*** Opening DATA FOR REVIEW ***

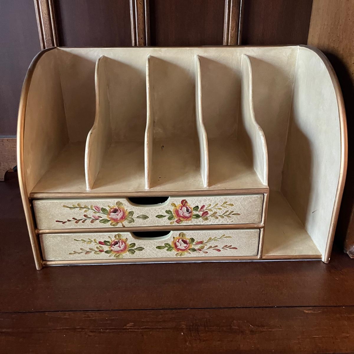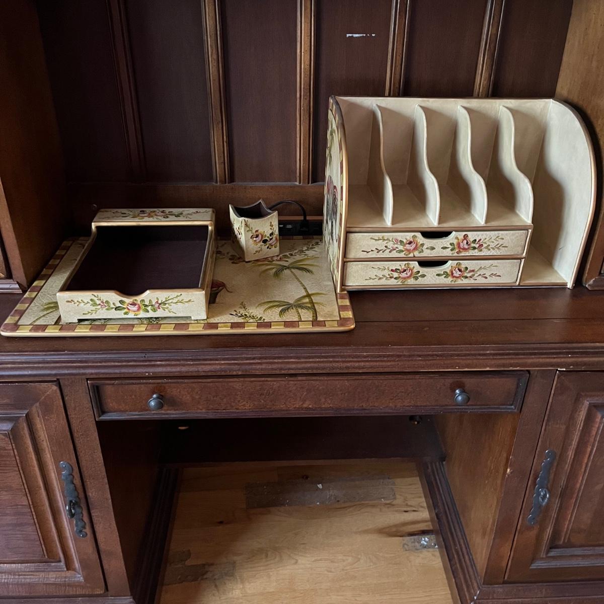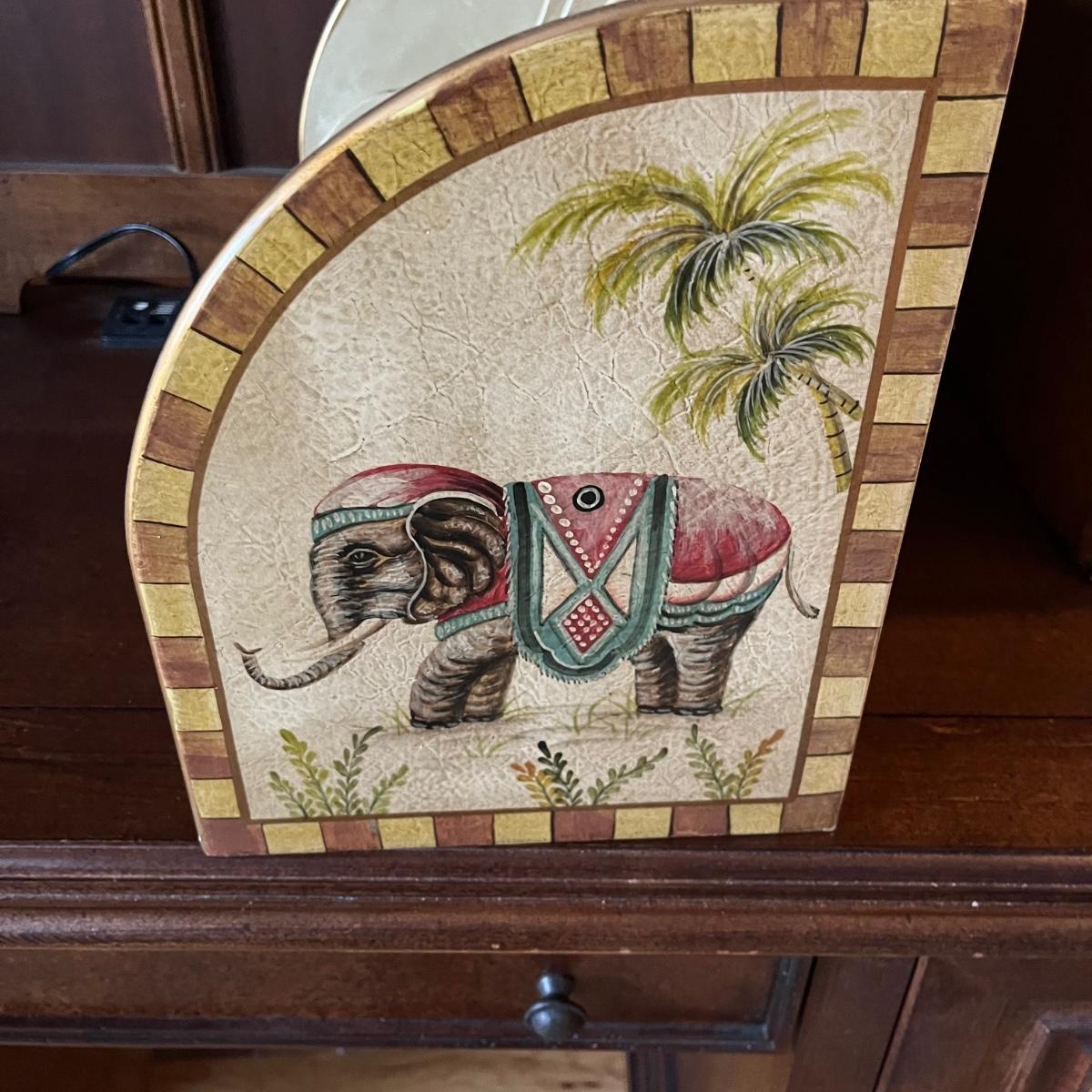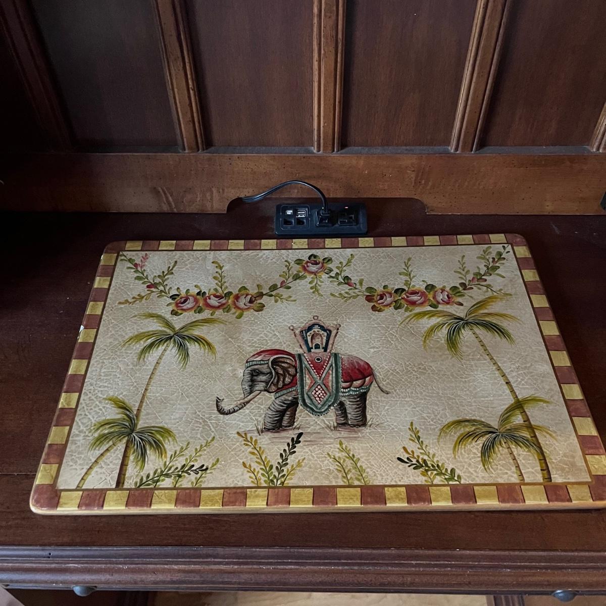 Lot contains an elephant design desk set that includes file holder with two drawers, paper holder, pen holder and a writing board. Pieces appear to be made of MDF. File holder measures 18.5” x 10” x 12.5”. Credenza not included.
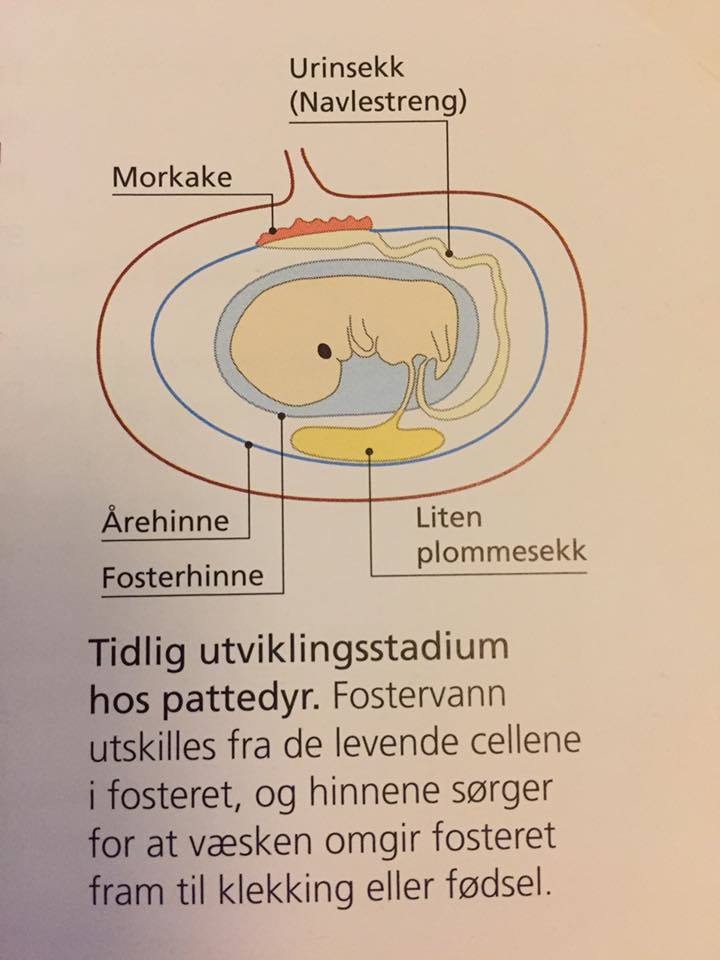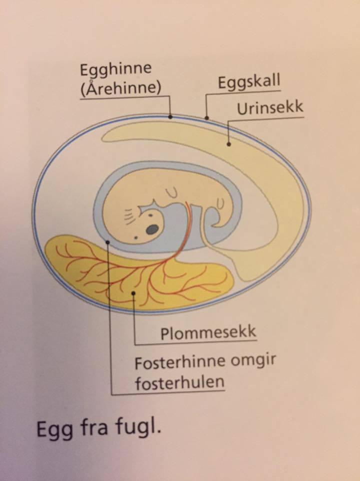 -Væskehinne inne i egget sørger for at fosteret ikke uttørkes.
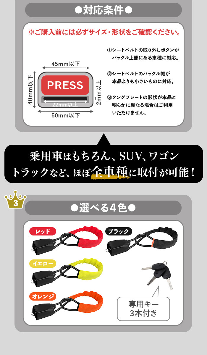 | 商品説明 | 【愛車の盗難防止対策に!】ハンドルをがっちりロックして盗難防止!「ハンドルロック」が新登場。【切断に強い特殊金属】切断に強い頑丈でタフなワイヤーを採用!車の外からでも見える抜群の存在感で盗難抑止効果◎【コンパクトに収納可能】柔軟性のあるワイヤーなので、使わない時は車内のダッシュボードなどに保管できて便利。【取り付けも簡単】ハンドルに引っかけてループを通したら、シートベルトにカチッと装着するだけ!(※)車種によっては取り付けできない場合もございます。【様々な車種に取り付けOK】シートベルトに装着するので、軽自動車からSUV車まで幅広い車種に対応!左ハンドルにも取り付けOK。(※)サイズをご確認ください。 |
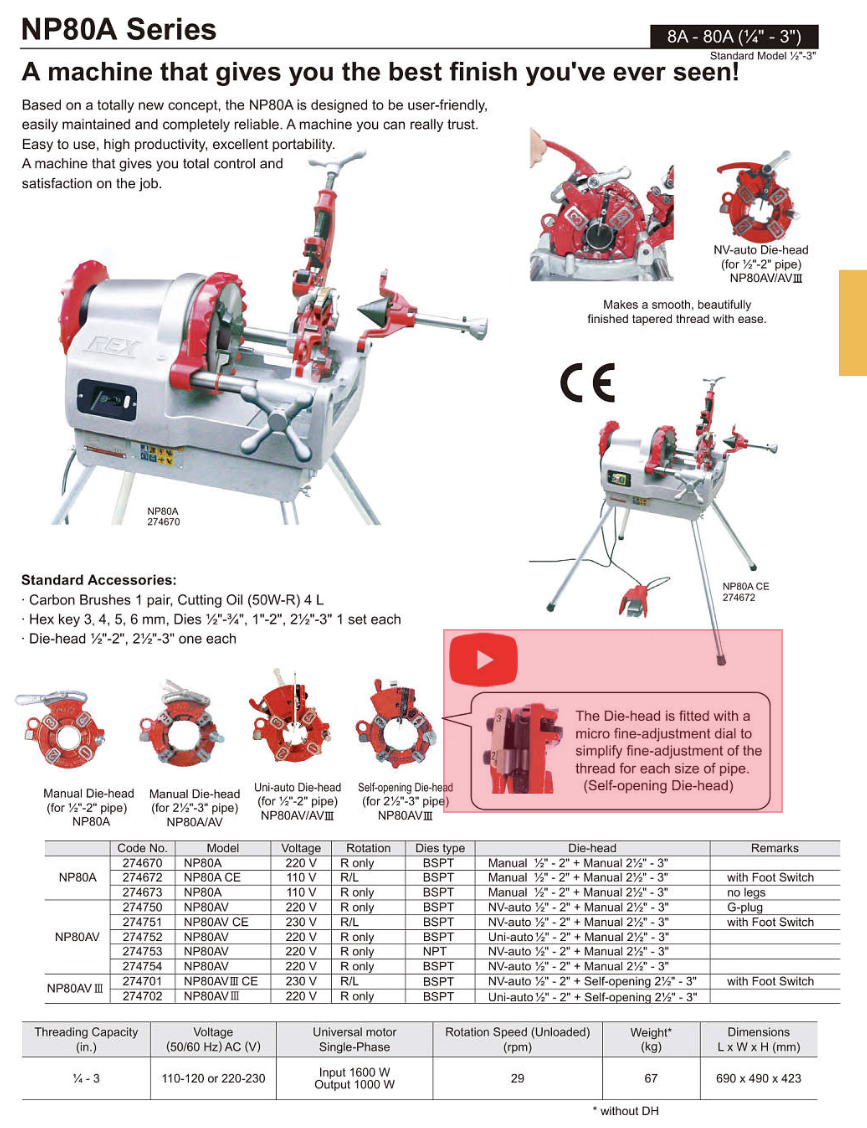 - Switch mechanisim protects Die-head from colliding with the hand wheel when threading short pipes.
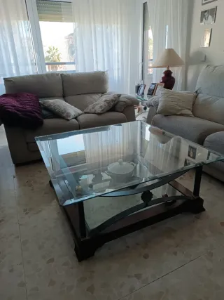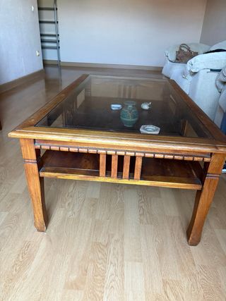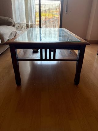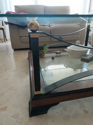 Mesa de centro baja para salón, robusto, con gran calidad y diseño clásico y elegante. - Doble cristal, el superior biselado. - Base de madera nogal y hierro forjado con estampado. - En buen estado, con marcas leves del tiempo. Es un mueble que nuevo costaría mucho más por los materiales y la calidad de fabricación.
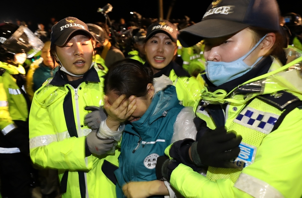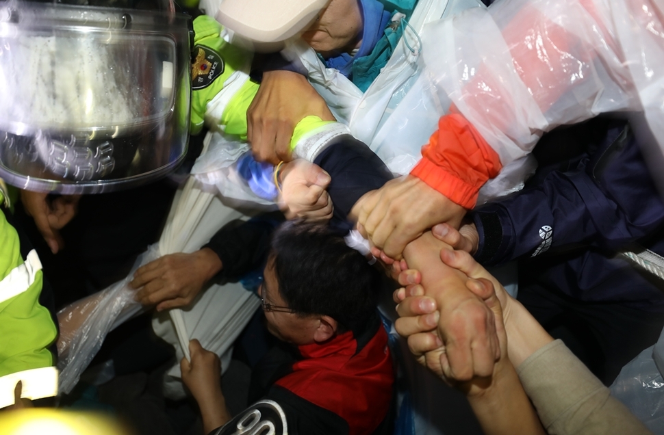집회 참가자와 경찰이 몸싸움을 하고 있다.
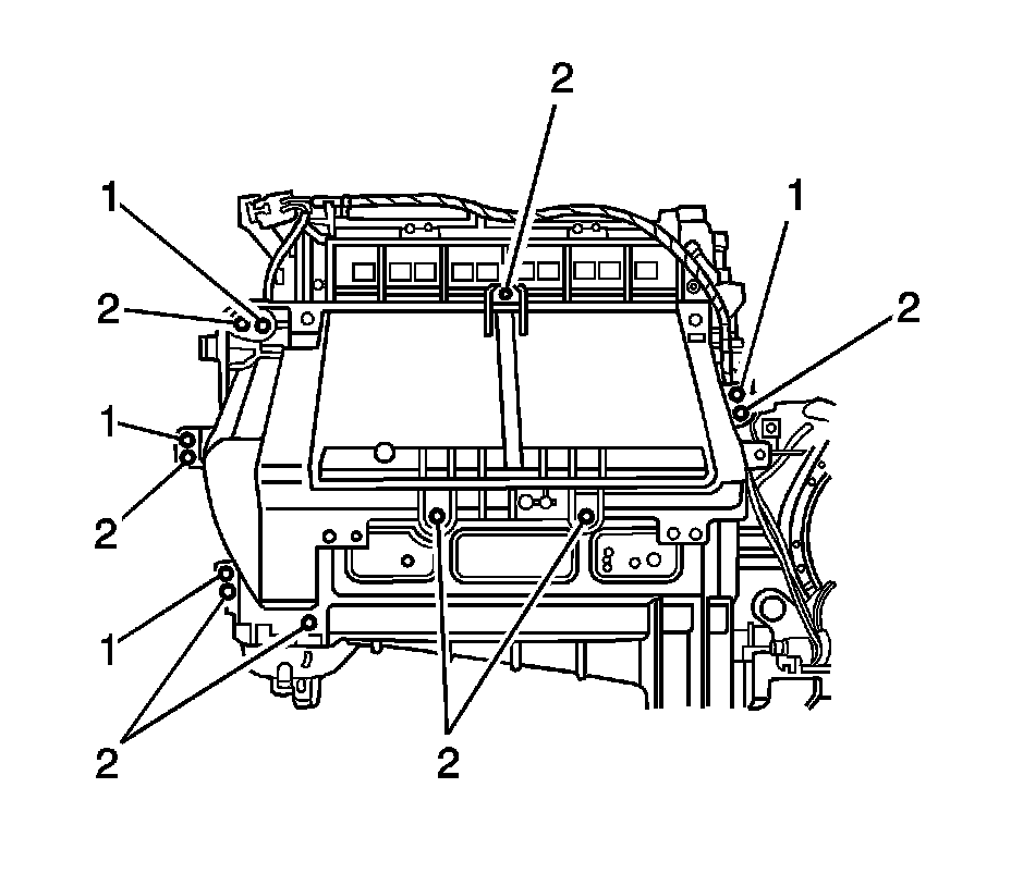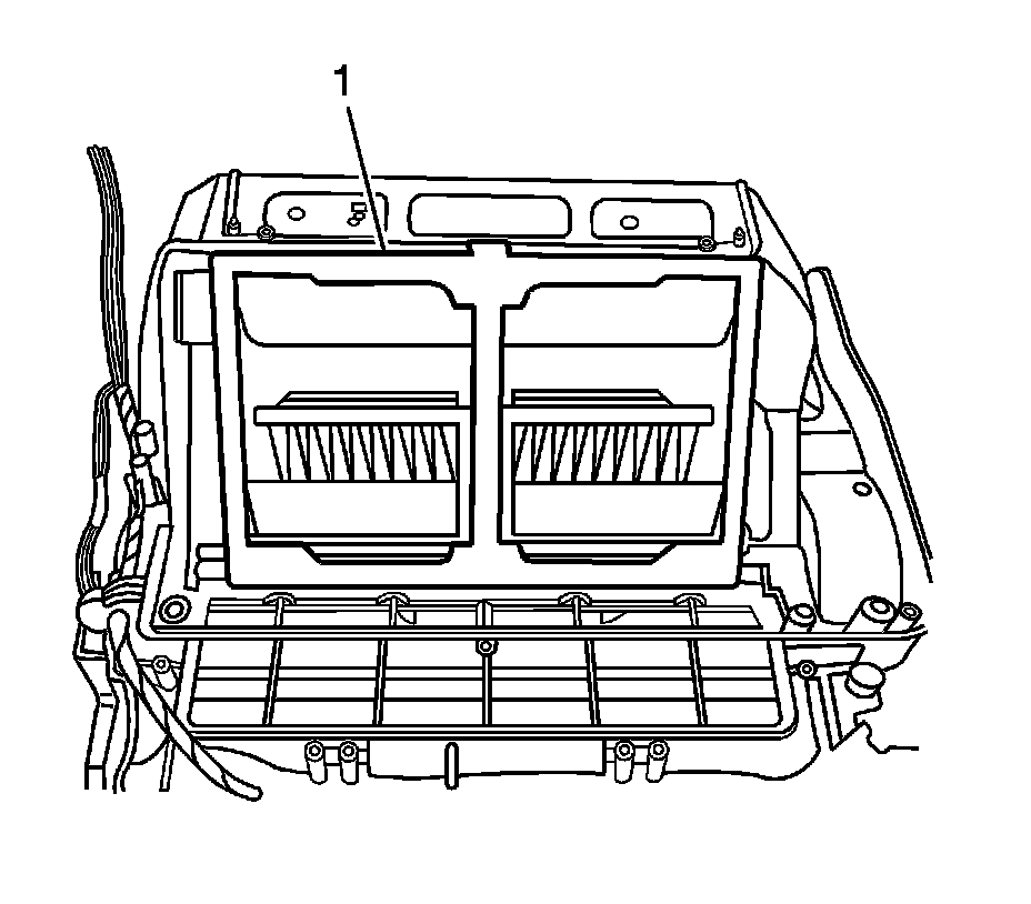 1. Install a new heater core foam seal (1) to the HVAC module assembly.
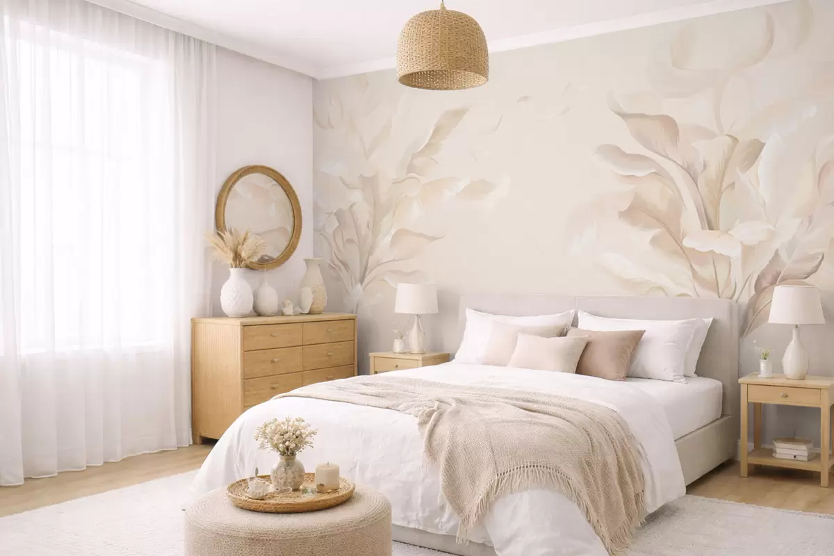 Fototapeter Luftige dekorative planter i varme kremfarger Nr. w05126
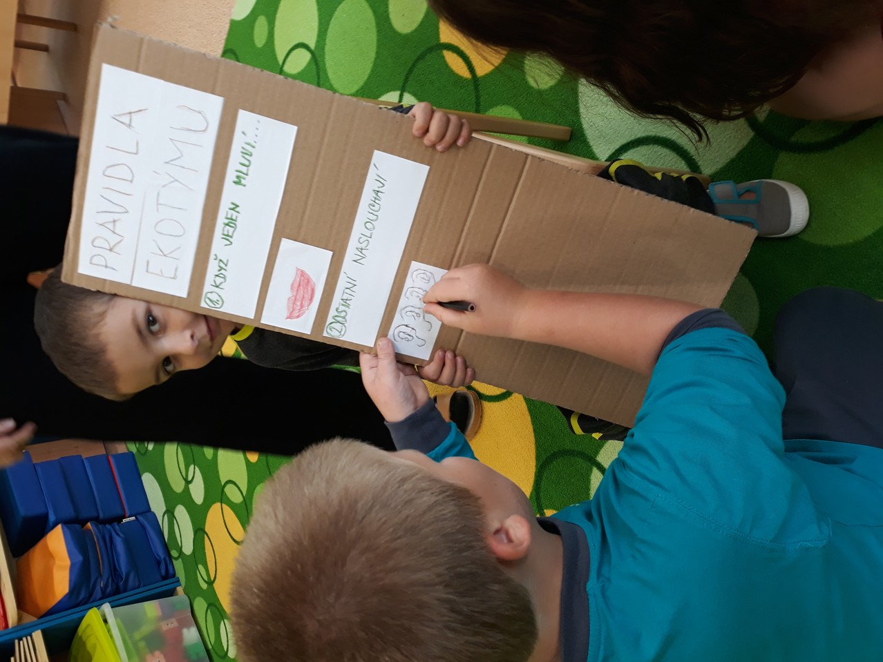 se konala ve třídě. Děti měly připraveny ovocný raut z jablíček a jiných podzimních pochutin. Poněvadž ekotým je v tomto školním roce tvořen z 90 % novými dětmi, museli jsme si stanovit i nová pravidla.
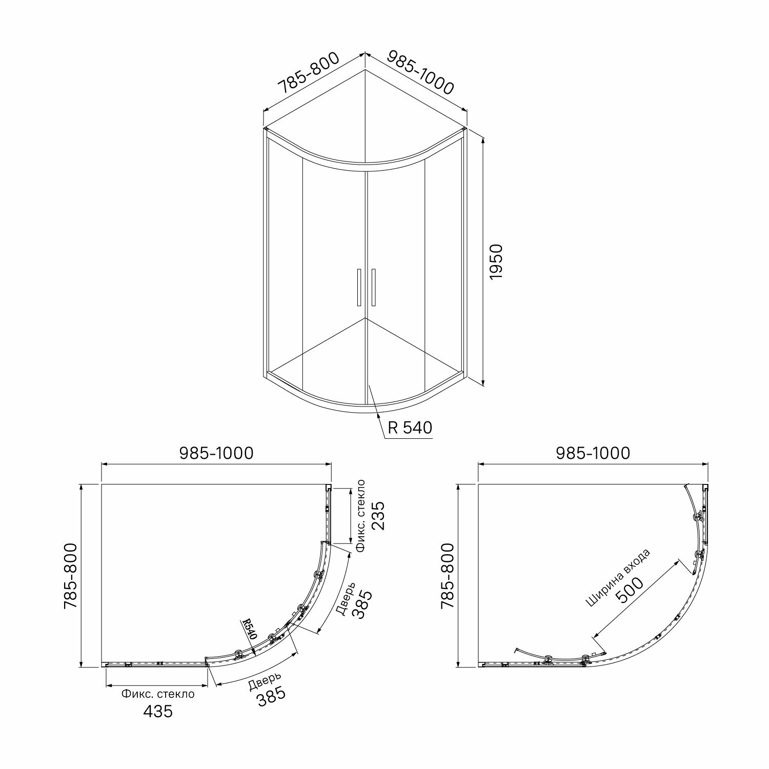 Душевое ограждение IDDIS Zodiac глянцевый алюминиевый профиль 100х80х195 см (ZOD6CR8i23)

*** Closing DATA FOR REVIEW ***

** WHAT YOU ARE ASKED TO DO **
Leave the pictures out, and reproduce only the lines from the line holding "Fototapeter Luftige dekorative" through the last line of the material, both included.

** WRITTEN RESPONSE **
 Fototapeter Luftige dekorative planter i varme kremfarger Nr. w05126
 se konala ve třídě. Děti měly připraveny ovocný raut z jablíček a jiných podzimních pochutin. Poněvadž ekotým je v tomto školním roce tvořen z 90 % novými dětmi, museli jsme si stanovit i nová pravidla.
 Душевое ограждение IDDIS Zodiac глянцевый алюминиевый профиль 100х80х195 см (ZOD6CR8i23)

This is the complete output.